Extracted information =

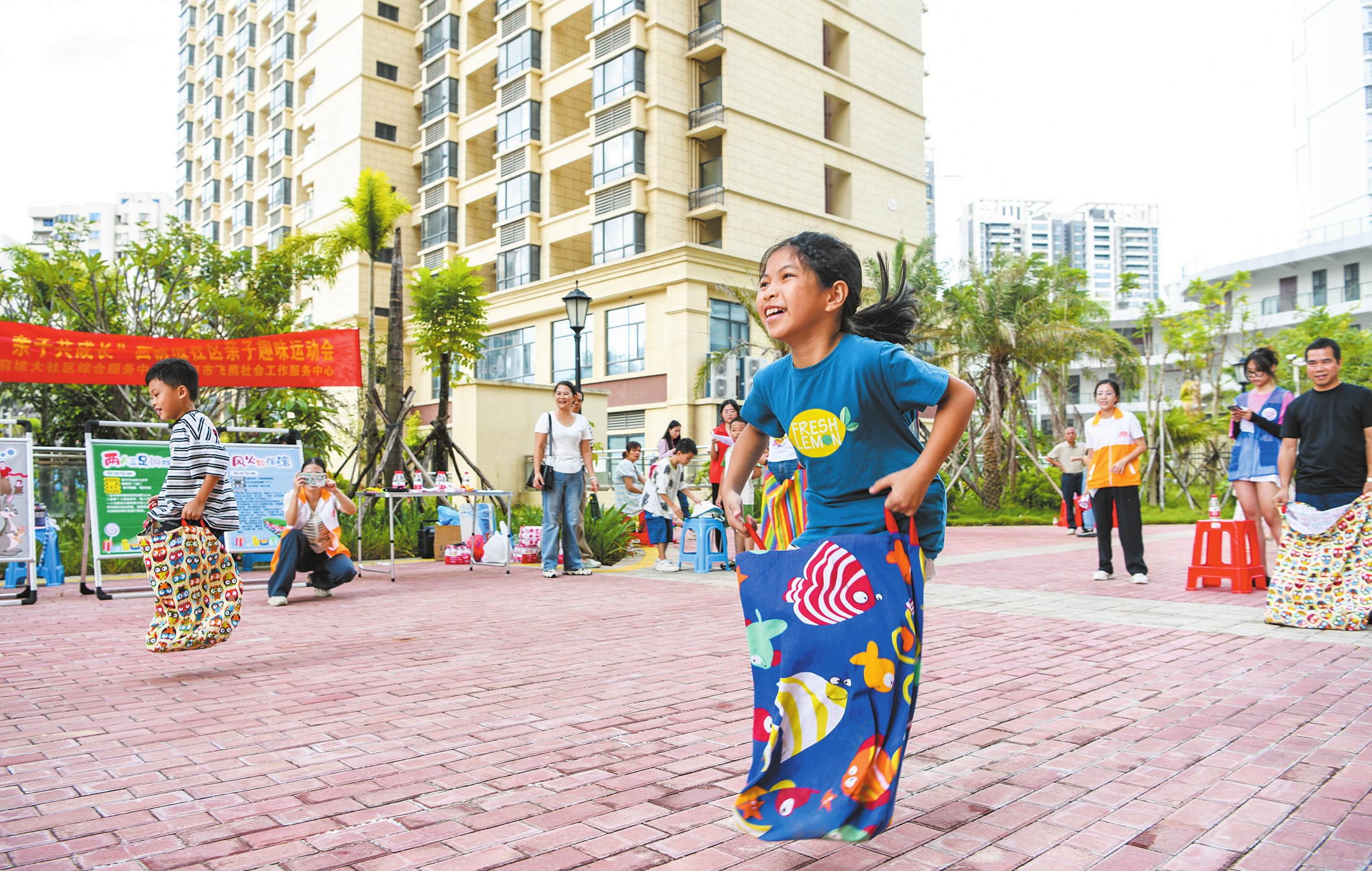9月16日,在面前坡社區(qū)組織開展的親子趣味運(yùn)動會上,小朋友正在參加“歡樂袋鼠跳”游戲。記者 康登淋 攝
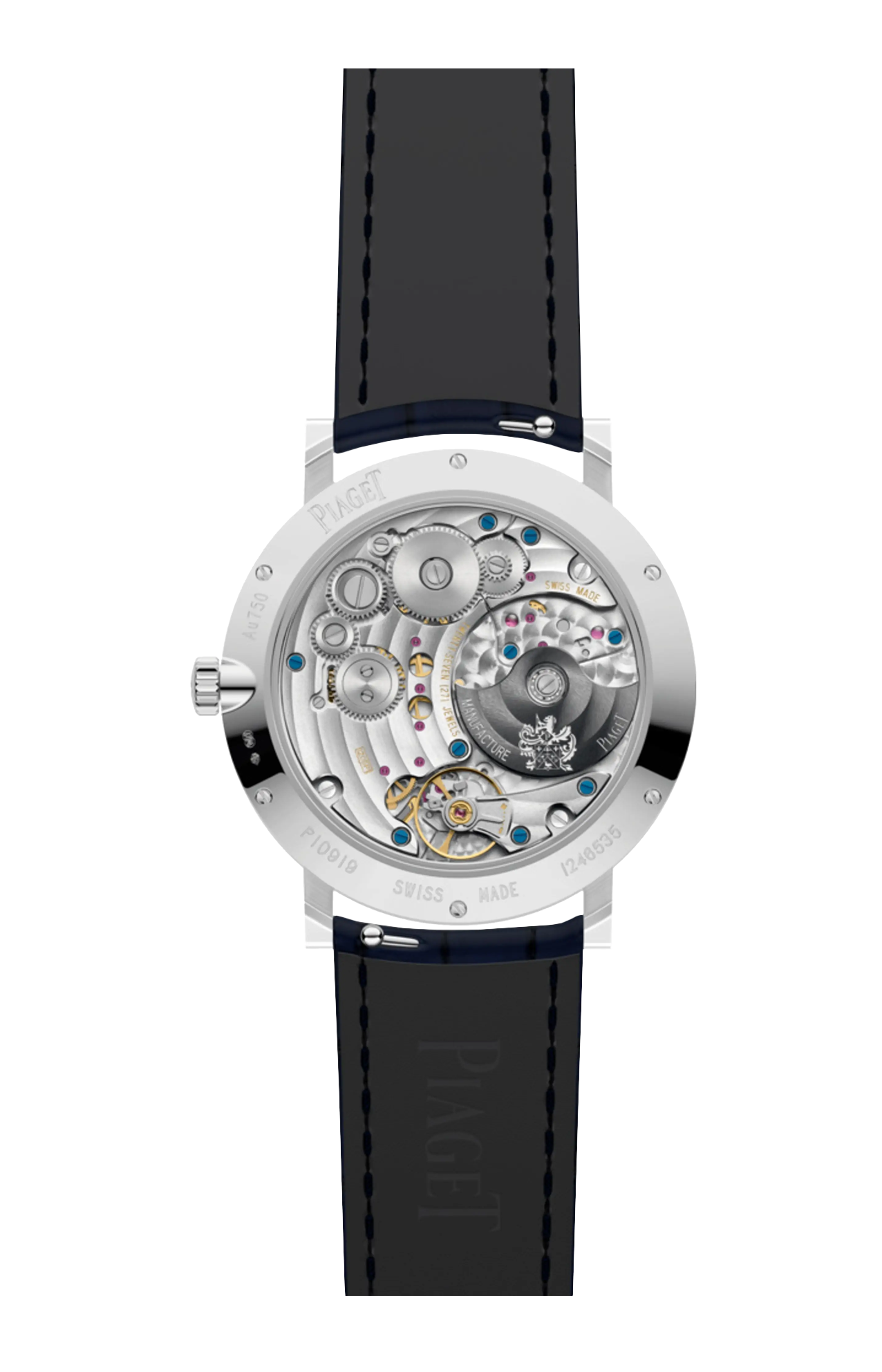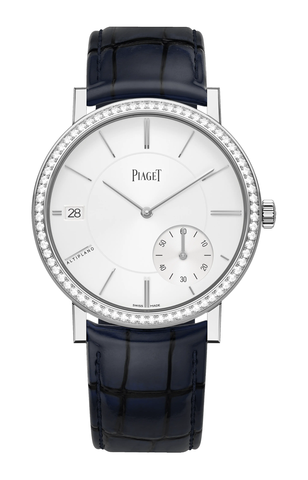 Orologio Altiplano Origin, 40 mm. Cassa in oro bianco 18 carati incastonata con 72 diamanti taglio brillante (circa 1,00 ct). Quadrante con indici delle ore in oro rodiato. Fondello in vetro zaffiro. Cinturino intercambiabile. Movimento meccanico a carica automatica ultrapiatto di manifattura 1205P1 (spessore 3 mm), con piccoli secondi e data.
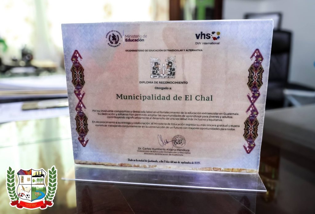 La Municipalidad de El Chal fue reconocida por el Ministerio de Educación de Guatemala, a través del Viceministerio de Educación Extraescolar y Alternativa, en mérito a su compromiso y destacada labor en el fortalecimiento de la educación extraescolar en el país.
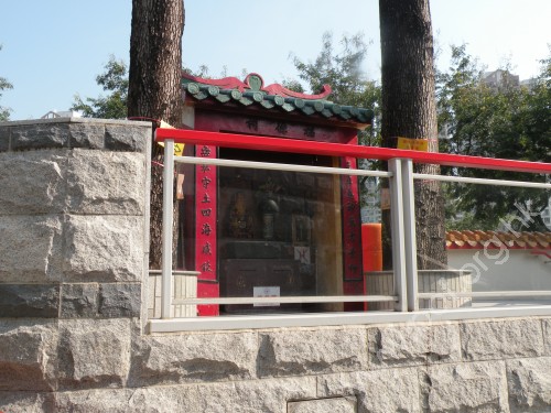 蓬瀛仙館正式名稱是「蓬瀛僊館」,「僊」是古字,不過僊與仙相通。 | 正門後的一座「福德祠」,供奉土地公,廟雖細但打理得乾淨企理。 |
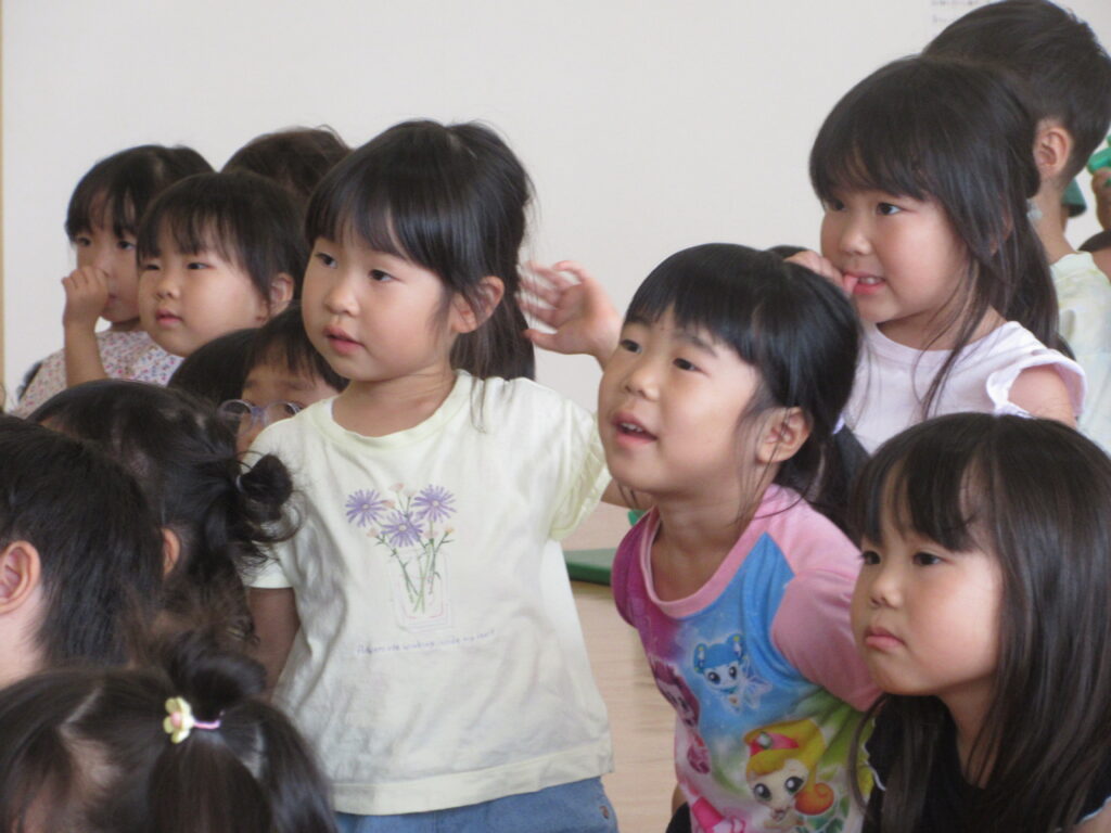 大好きな先生たちがいつもと違う格好をして演じていることで、子ども達は興味津々!!
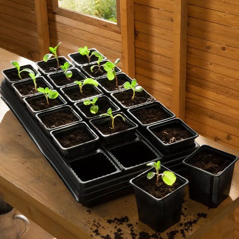 Ett krukset med 18st fyrkantiga krukor med ett bottentråg, vilket gör att alla krukor är samlade på ett ställe och sådden blir enkel att flytta.
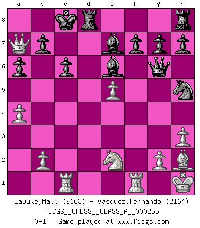 Last move : 0-1 2022 May 12 16:28:21 [Event "FICGS__CHESS__CLASS_A__000255"] [Site "FICGS"] [Date "2022.01.20"] [Round "1"] [White "LaDuke,Matt"] [Black "Vasquez,Fernando"] [Result "0-1"] [WhiteElo "2163"] [BlackElo "2164"] 1.e4 e5 2.Nf3 Nf6 3.Nxe5 d6 4.d4 dxe5 5.Bd3 Qxd4 6.O-O Be6 7.Nc3 Qd7 8.Qe2 Nc6 9.f4 exf4 10.Bxf4 Bc5+ 11.Kh1 O-O-O 12.a4 Nb4 13.Rac1 a6 14.h3 Nxd3 15.cxd3 Qxd3 16.Qe1 Nh5 17.Bh2 Bd6 18.e5 Bb4 19.Qf2 Qg6 20.Qa7 c6 21.Ne2 Be7 0-1 Petrov's defense Kingside Castling by player White (move 6) Queenside Castling by player Black (move 11) Player Black won this chess game. Follow this game move after move (download)Pawn endings are to Chess what putting is to golf. (Cecil Purdy) Über Frauen: Chess is better. (Robert James Fischer) El Rey es una pieza de pelea. ¡Usenlo!. (Wilhelm Steinitz) Je ne crois pas en la psychologie, je crois aux bons coups. (Robert Fischer) I don't know, I don't care, and it doesn't make any difference. (Albert Einstein)
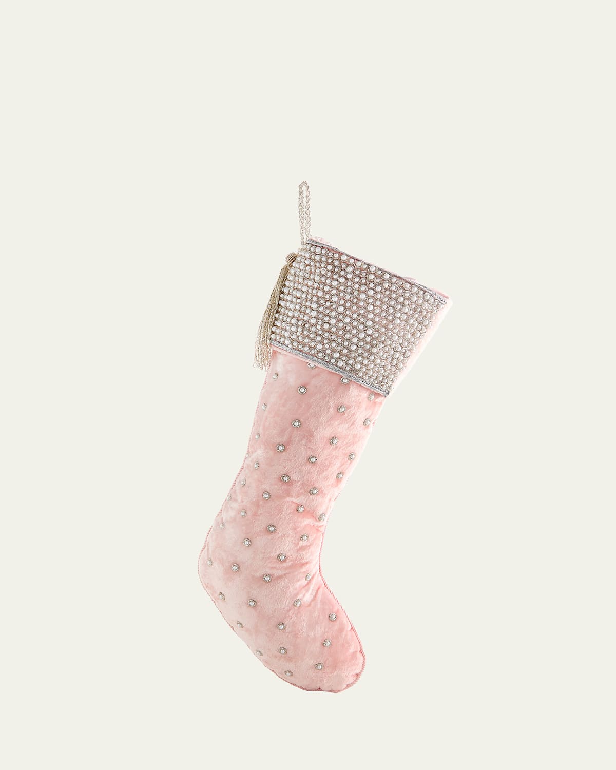 Velvet Christmas stocking embroidered with metallic thread and faux pearl accents Made of plastic, metallic fibers, and rayon Approx. 23"L x 7.0"W Spot clean Imported
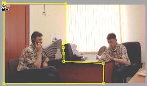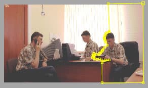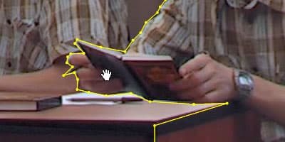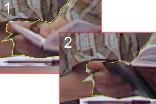 Здесь мы впервые сталкиваемся с серьезной проблемой: человек, сидящий в правой части кадра и делающий записи, постоянно шевелится, ворочая книгой и поигрывая авторучкой. А в некоторые моменты он своими движения даже перекрывает фигуру человека, сидящего за компьютером, а ведь тот, в свою очередь, также двигается! Что поделать, придется рисовать маску, у которой будет большое количество вершин, помогающих наиболее точно отсечь лишнее. Конечно, для такой тонкой работы придется постоянно увеличивать/уменьшать масштаб отображения картинки в окне Composition и перемещаться в разные места кадра. Здесь окажется удобным изменение значения масштаба простым вращением колеса мышки. Если нажать и удерживать клавишу Space (пробел), то курсор временно превратится в пиктограмму руки — теперь, пока пробел нажат, двигайте картинку в любую сторону. Через несколько минут такой работы вы наверняка приобретете необходимую сноровку, и перестанете задумываться, как бы вам добраться до невидимой части кадра, чтобы продолжить рисование маски.

Exercise description =
Start at the top of the entries and repeat each line exactly, ending at the line that contains "蓬瀛仙館正式名稱是「蓬瀛僊館」,「僊」是古字,不過僊與仙相通。 | 正門後的一座「福德祠」,供奉土地公,廟雖細但打理得乾淨企理。". Pictures are not part of the copy.

Output for this task =
9月16日,在面前坡社區(qū)組織開展的親子趣味運(yùn)動會上,小朋友正在參加“歡樂袋鼠跳”游戲。記者 康登淋 攝
 Orologio Altiplano Origin, 40 mm. Cassa in oro bianco 18 carati incastonata con 72 diamanti taglio brillante (circa 1,00 ct). Quadrante con indici delle ore in oro rodiato. Fondello in vetro zaffiro. Cinturino intercambiabile. Movimento meccanico a carica automatica ultrapiatto di manifattura 1205P1 (spessore 3 mm), con piccoli secondi e data.
 La Municipalidad de El Chal fue reconocida por el Ministerio de Educación de Guatemala, a través del Viceministerio de Educación Extraescolar y Alternativa, en mérito a su compromiso y destacada labor en el fortalecimiento de la educación extraescolar en el país.
 蓬瀛仙館正式名稱是「蓬瀛僊館」,「僊」是古字,不過僊與仙相通。 | 正門後的一座「福德祠」,供奉土地公,廟雖細但打理得乾淨企理。 |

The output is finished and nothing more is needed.